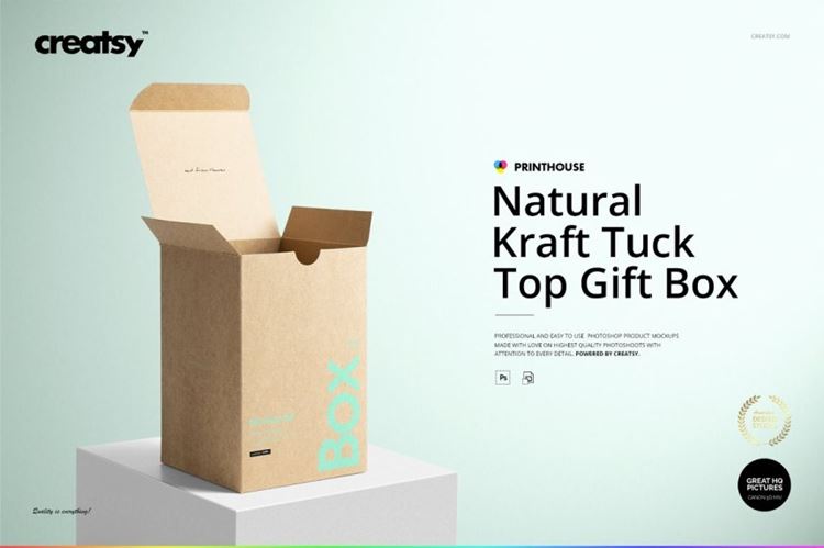 图穷联素材库 » 天然牛皮纸礼物盒礼品包装设计提案样机PSD模板 Kraft
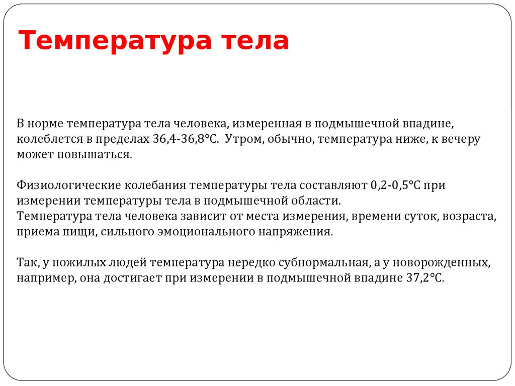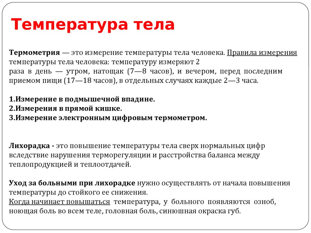 Температура телаТермометрия — это измерение температуры тела человека. Правила измерения
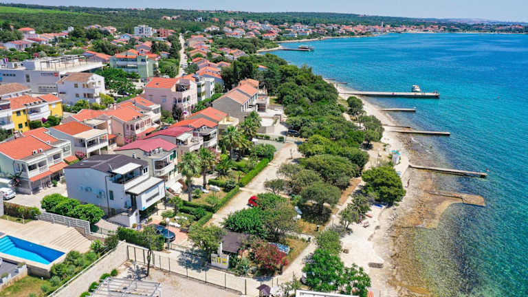 Die Apartments Malic befinden sich im Ferienort Punta Skala, nur 50 Meter vom Strand entfernt. Das idyllische Zentrum von Petrčane ist 900 Meter entfernt, während die UNESCO-Weltkulturerbe Stadt Zadar in 8 km Distanz zu erreichen ist. Die Bushaltestelle sowie die Docks, von denen Boote zu den Naturparks Telašćica und Kornaten ablegen, befinden sich ebenfalls 900 Meter entfernt. Der Flughafen Zadar ist 18 km bzw. 23 km von den Apartments entfernt.
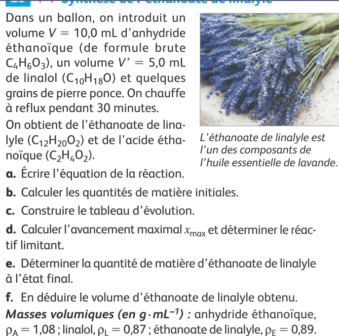 - Réaction chimique : réactif limitant, stoechiométrie, notion d’avancement.
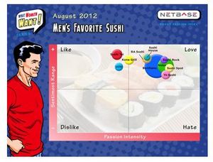 MOUNTAIN VIEW, CA -- (Marketwire) -- 08/08/12 -- NetBase, the Enterprise Social Intelligence (ESI) Platform company, today unveiled the latest installment of its What Women Want study, an analysis of more than 27 billion conversations in social media over one year to unearth the top ten things that men and women want. Food dominated both gender's top ten lists, and today's Brand Passion Index (BPI) was no exception, featuring sushi and the associated emotions, opinions and behaviors expressed by men and women through social media.
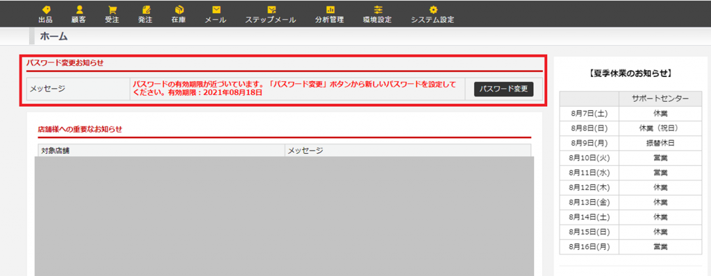 HOME画面への警告表示を設定していて、パスワードの有効期限が近付いているユーザのHOME画面では、「パスワード変更のお知らせ」が表示されるようになります。
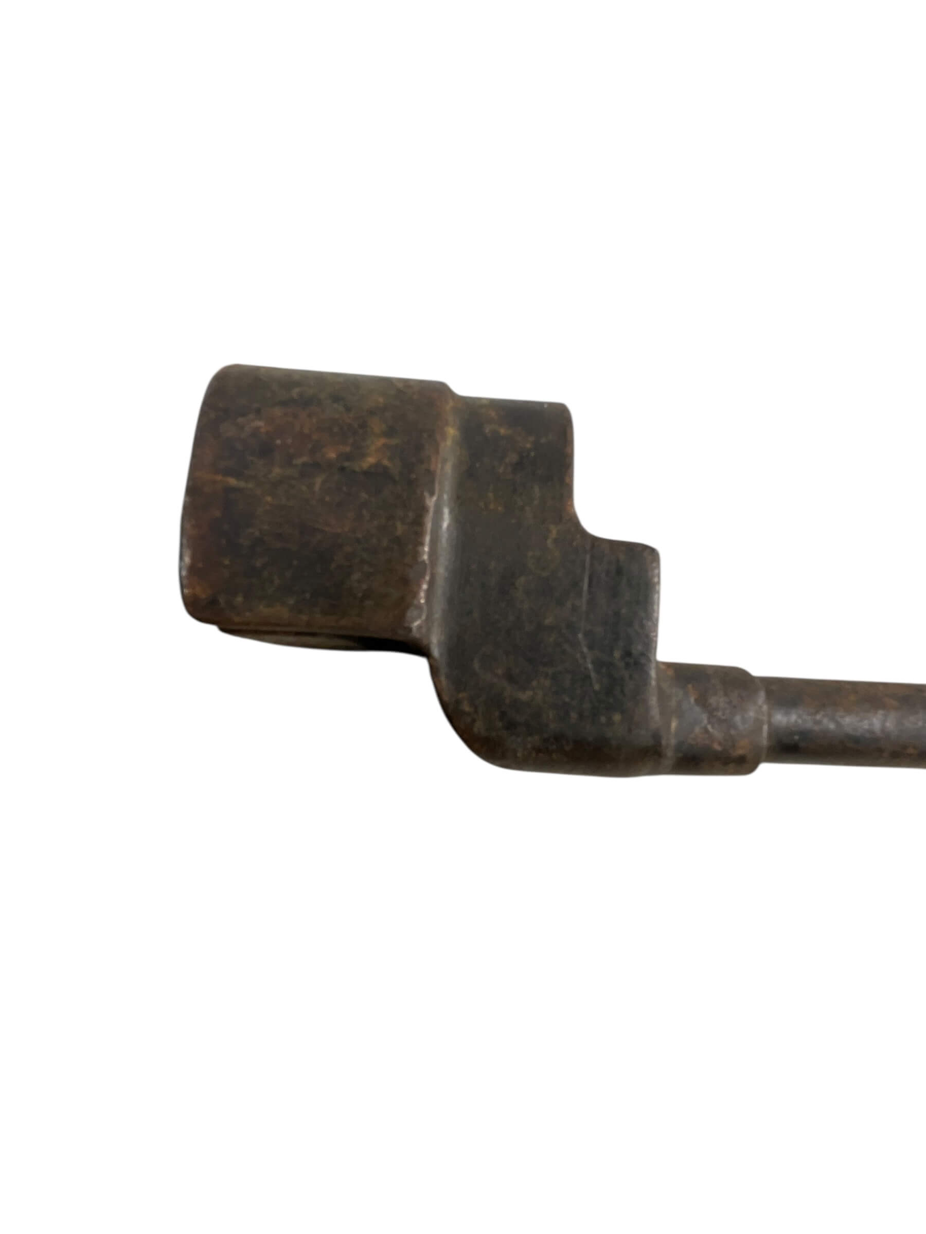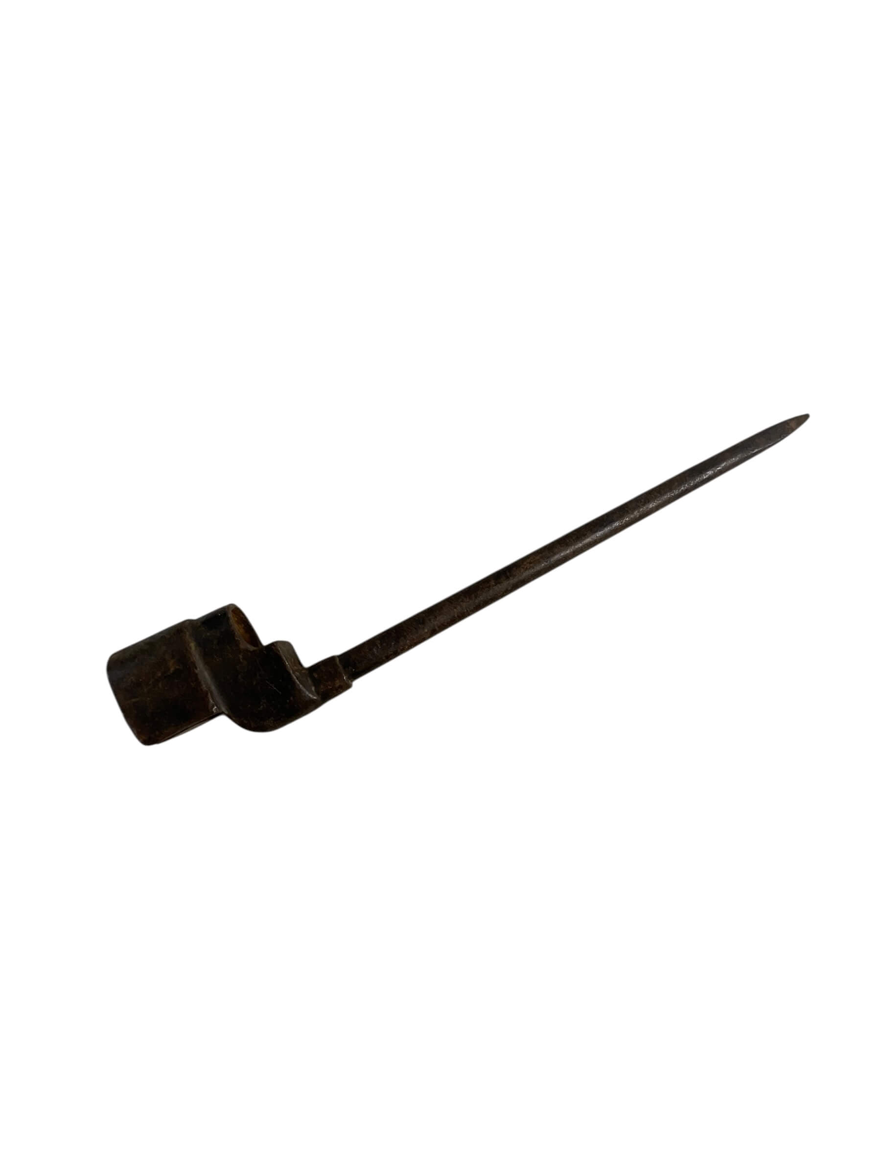 The WW2 British Army Spike Bayonet is a utilitarian edged weapon issued to British and Commonwealth forces during the Second World War. Designed primarily for the Lee-Enfield No. 4 rifle, it features a rod-style, cruciform spike blade, measuring approximately 8 inches in length. Unlike earlier sword or knife bayonets, the spike design emphasizes simplicity and ease of mass production, reflecting wartime manufacturing needs. The bayonet’s blade is made from forged steel, and the socket is designed to fit securely onto the rifle’s muzzle. Markings on the socket or blade often denote the manufacturer and date of production, with notable examples produced by companies such as Singer and Savage. The lack of a cutting edge distinguishes it from traditional bayonets, underscoring its function as a thrusting weapon. The WW2 British Army Spike Bayonet remains an important artifact from military history, illustrating changes in weapon design during the conflict.
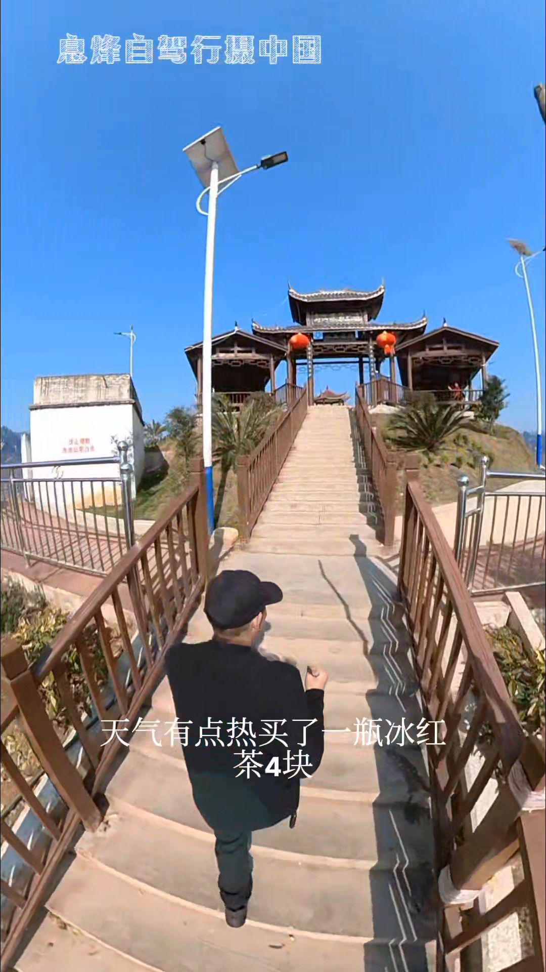 现在准备去观景台,那里应该是看风景的最佳点,团队几个女的还在拍照,一个人去看看。天气有点热,买了一瓶冰红茶4块,其实也不算贵,喝完水再爬梯子感觉轻松不少。这个小山头全部搞成了观景台,感觉还真是不错。

=====

→ Problem to solve
Repeat exactly the lines from the start of the entries down to the line with "Температура телаТермометрия —", keeping both ends but none of the pictures.

→ Reply
 图穷联素材库 » 天然牛皮纸礼物盒礼品包装设计提案样机PSD模板 Kraft
 Температура телаТермометрия — это измерение температуры тела человека. Правила измерения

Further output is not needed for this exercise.